Blue Collar: How Paul Schrader’s First Film Was Almost His Last

At the 2022 Venice Film Festival, there with his film Master Gardener and to receive a Lifetime Achievement Award, filmmaker Paul Schrader stated “I used to be an artist who never wanted to leave this world without saying ‘fuck you.’ And now I’m an artist who never wants to leave this world without saying ‘I love you.’” It was a touching sentiment from a man who has spent the last 50 years wrestling cinematically with the aching realization of how little we all matter in a world built to destroy us. Schrader’s work consistently explores that innate contradiction—we’re born only to die—and through films like Mishima: A Life in Four Chapters, Light Sleeper and The Card Counter that ode to love pierces through his occasionally craggy demeanor. And yet, if ever there’s a motion picture that declares “fuck you” loudly and proudly, it would be Schrader’s first as a director: 1978’s Blue Collar. And it was almost his last.
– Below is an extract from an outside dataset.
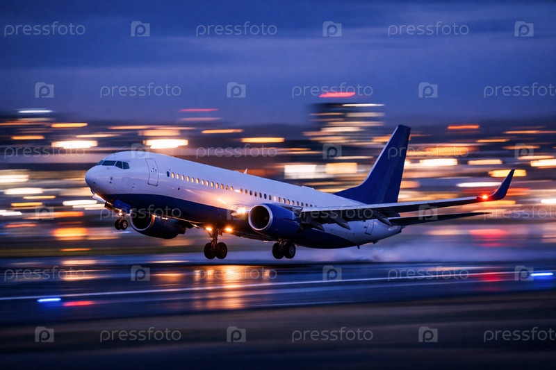 Коммерческий пассажирский самолет / авиалайнер при взлете в сумерках на фоне размытого городского освещения и отражений на взлетно-посадочной полосе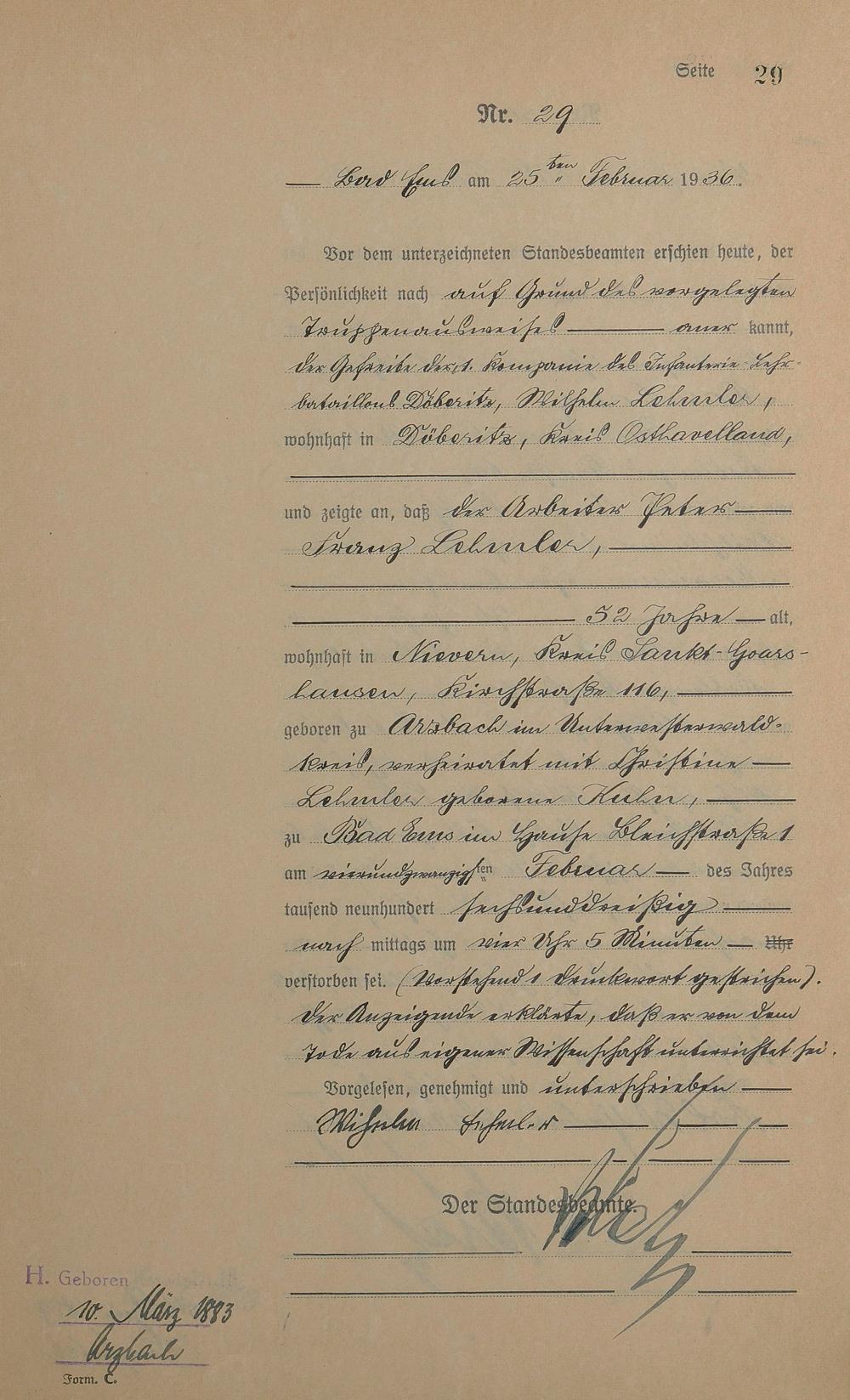Sterberegister 1936

By the time Blue Collar rolled around, Schrader had already made an esteemed name for himself as a screenwriter on films directed by Sidney Lumet, Martin Scorsese, Brian De Palma and John Flynn. But the itch to get behind the wheel himself was always there, and he could resist it no longer. Co-written with his brother Leonard, Blue Collar follows a trio of auto line workers in Wayne County, Michigan as they are beleaguered by mistreatment from management and their union reps. The guys who are supposed to be looking out for them are the ones screwing them the most, and that helps catalyze their plan to get even. Zeke (Richard Pryor), Smokey (Yaphet Kotto) and Jerry (Harvey Keitel) will rob the safe at the union’s headquarters to help clear their debts, all while sticking it to the men who are sticking it to them.
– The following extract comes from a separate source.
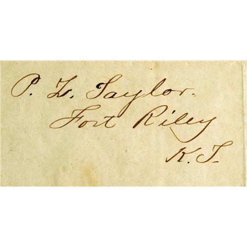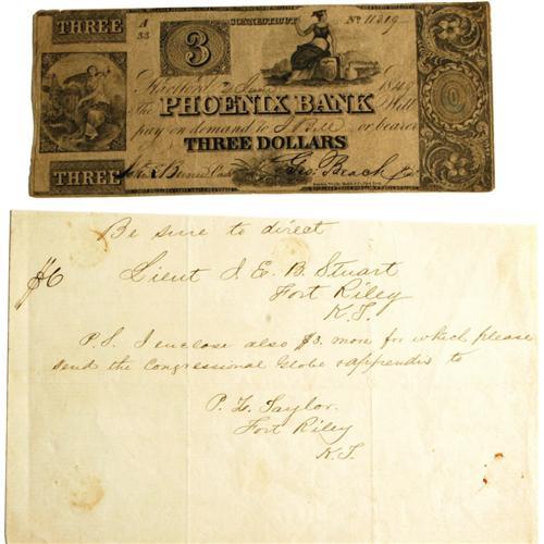 <B>CSA General JEB Stuart Autograph Note Signed</B></I> "<I>Lieut J. E. B. Stuart</B></I>" (1833-1864) Confederate major general of cavalry, who led a daring reconnaissance of McClellan's forces, riding around the entire army. Later turned up late at Gettysburg leaving Lee "blind". Mortally wounded at Yellow Tavern. ANS, Fort Riley, in full: "<I>Be sure to direct Lieut J. E. B. Stuart Fort Riley K. T. P. S. I enclose also $3 more for which please send the Congressional Globe & appendix to P. F. Taylor Fort Riley K. T.</B></I>" A magnificent signature which alone can fetch upwards of $5,000. Representative $3 bill included.<BR><BR><b>Shipping:</b> Small Collectibles (<a target="_blank" href="http://www.heritageauctions.com/common/shipping.php">view shipping information</a>)

It’s an easy enough plan on its face. As Zeke relays upon having seen the safe, it’s only guarded by one old layabout and they’ve got some connections to help it go off without a hitch. Of course, like any plan concocted after a night of coke-snorting and extramarital sex, things aren’t as smooth once executed. They have some bumps, but the men are successful in breaking into the safe—only to discover there’s a mere $600 contained within, which the union then falsely reports as having been $10,000 to up their insurance payout. Dejected by the rotten fruits of their labor, a twist appears: Zeke discovers a ledger revealing illegal loan operations made by the union, including ties to big-city crime syndicates. While presenting them with an opportunity to blackmail the union for more cash, the ledger also gives the union more than enough reason to want these men out of the picture for good.
With plenty of screenwriting experience under his belt, Schrader’s script shrewdly navigates the many different narrative layers unfolded over the course of Blue Collar, while his authorial vision strikes a delicate tonal balance between heist thrills, workplace drama, social commentary and nerve-wracking suspense. He keeps our interests rooted at all times with this trio of characters, and through them pushes important conversational topics around labor exploitation and the perpetual dehumanization of the workforce under capitalism.
In every section of Blue Collar, we are given reminders of how the workers in this auto factory are mistreated. A higher-up casually mentions a worker having passed out as a reason why Smokey needs to move to a different station for the day. Zeke complains in a union meeting about his damaged locker that has been tearing up his finger because it’s the only way he can get it open. The vending machine that dispenses drinks to help cool the men down is broken and management has no interest in fixing it. The air around the factory hangs with a dense fog of smoke, the fumes pouring out into the ecosystem and filling the lungs of these workers. We are constantly given glimpses of a Goodyear billboard right off the highway with a ticking counter detailing how many cars have been produced this year. The number is in the millions and only getting higher, a demonstration of how the lives of these workers are completely irrelevant as long as the bottom line looks good.
It’s no surprise why the tension would mount to fever pitch in an environment this bleak—not only between Zeke, Smokey and Jerry with their union but also with each other. The men have very different perspectives which inform how they handle the mounting stakes: Zeke is raising a family, while being broken down at work and told he’s lazy and useless; Smokey is a ladies’ man enjoying life, who has been to prison and has no intention of going back; Jerry, the only white member of the trio, has a wife and kids and just wants to play it cool and skate by. The latter’s options are afforded to him specifically due to his whiteness.